- **WORK ORDER**:
Word for word, the data below must be repeated in full; no picture is to be included.

- **DATA SEGMENT**:
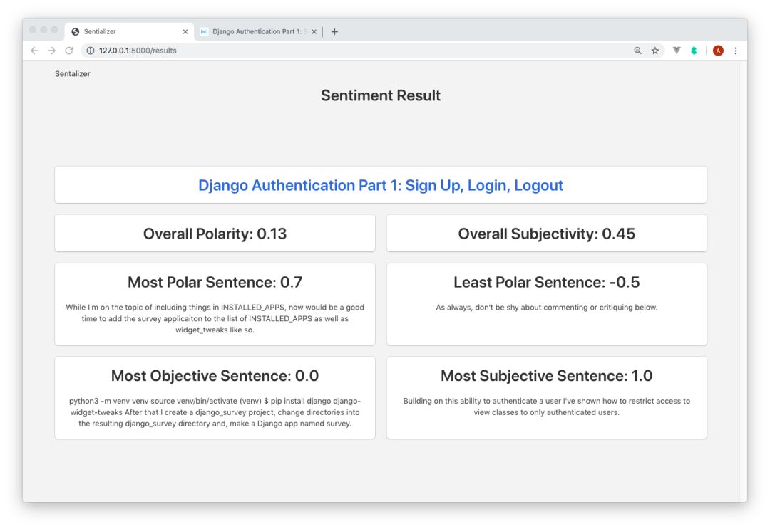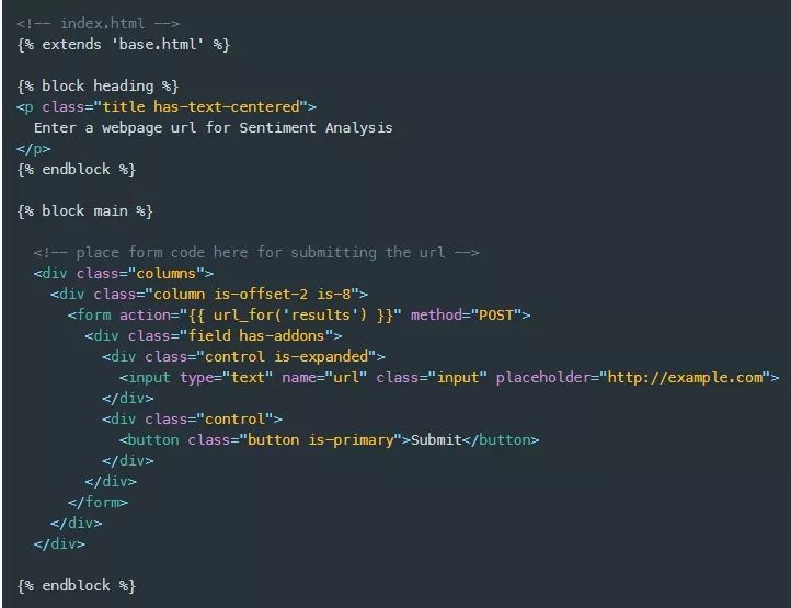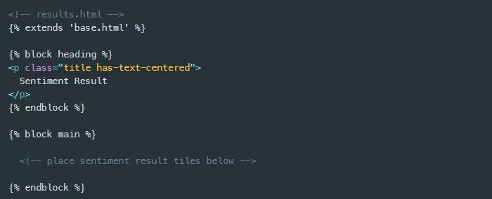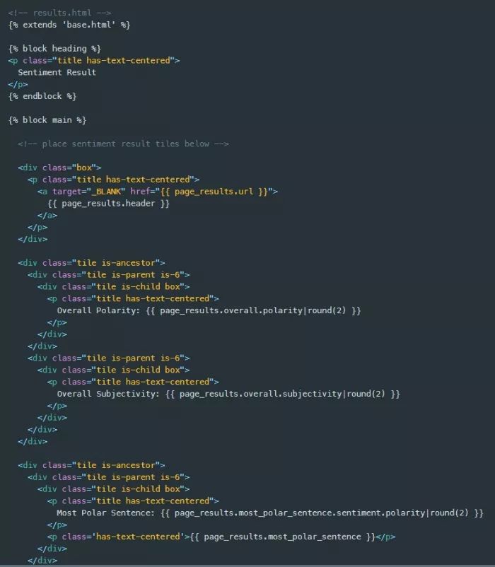 我对results.html模板做了类似的处理,它最终将显示一系列块,每个块都包含一个计算出的情感值,用于提交的url页面的文本分析输出。
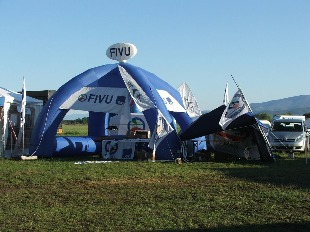 Verso le 10,30-11 il vento è talmente rinforzato da costringere lo sbaraccamento di diversi stands; anche noi mettiamo a terra il gonfiabile FIVU ed io aggiungo tiranti alla mia tenda.
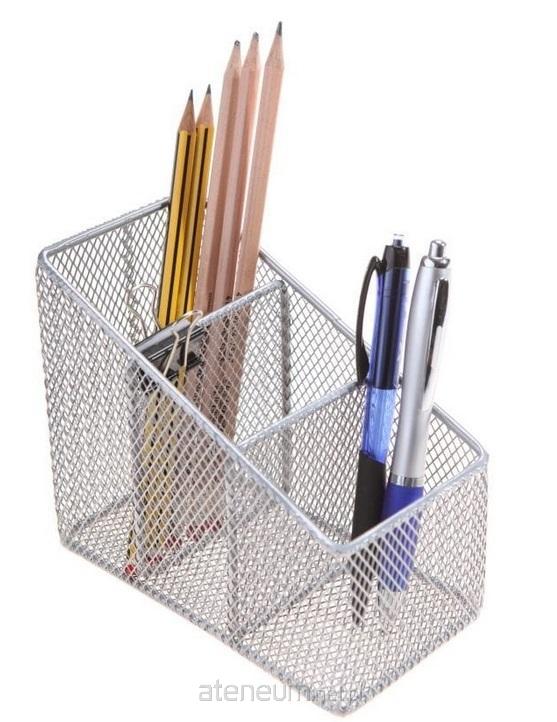 Przybornik na długopisy metalowy srebrny MEMOBE
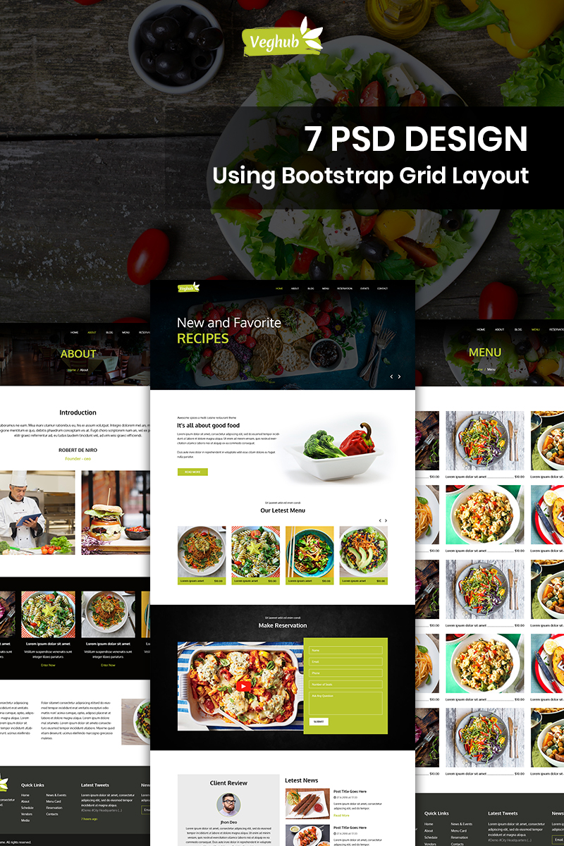 Download PSD шаблон "Veghub - Vegetarian Restaurant PSD Template" / Veghub - Vegetarian Restaurant PSD Template - PSD шаблон на тему вегетарианский ресторан vegetarian restaurant psd photoshop theme template

- **TASK RESULT**:
 我对results.html模板做了类似的处理,它最终将显示一系列块,每个块都包含一个计算出的情感值,用于提交的url页面的文本分析输出。
 Verso le 10,30-11 il vento è talmente rinforzato da costringere lo sbaraccamento di diversi stands; anche noi mettiamo a terra il gonfiabile FIVU ed io aggiungo tiranti alla mia tenda.
 Przybornik na długopisy metalowy srebrny MEMOBE
 Download PSD шаблон "Veghub - Vegetarian Restaurant PSD Template" / Veghub - Vegetarian Restaurant PSD Template - PSD шаблон на тему вегетарианский ресторан vegetarian restaurant psd photoshop theme template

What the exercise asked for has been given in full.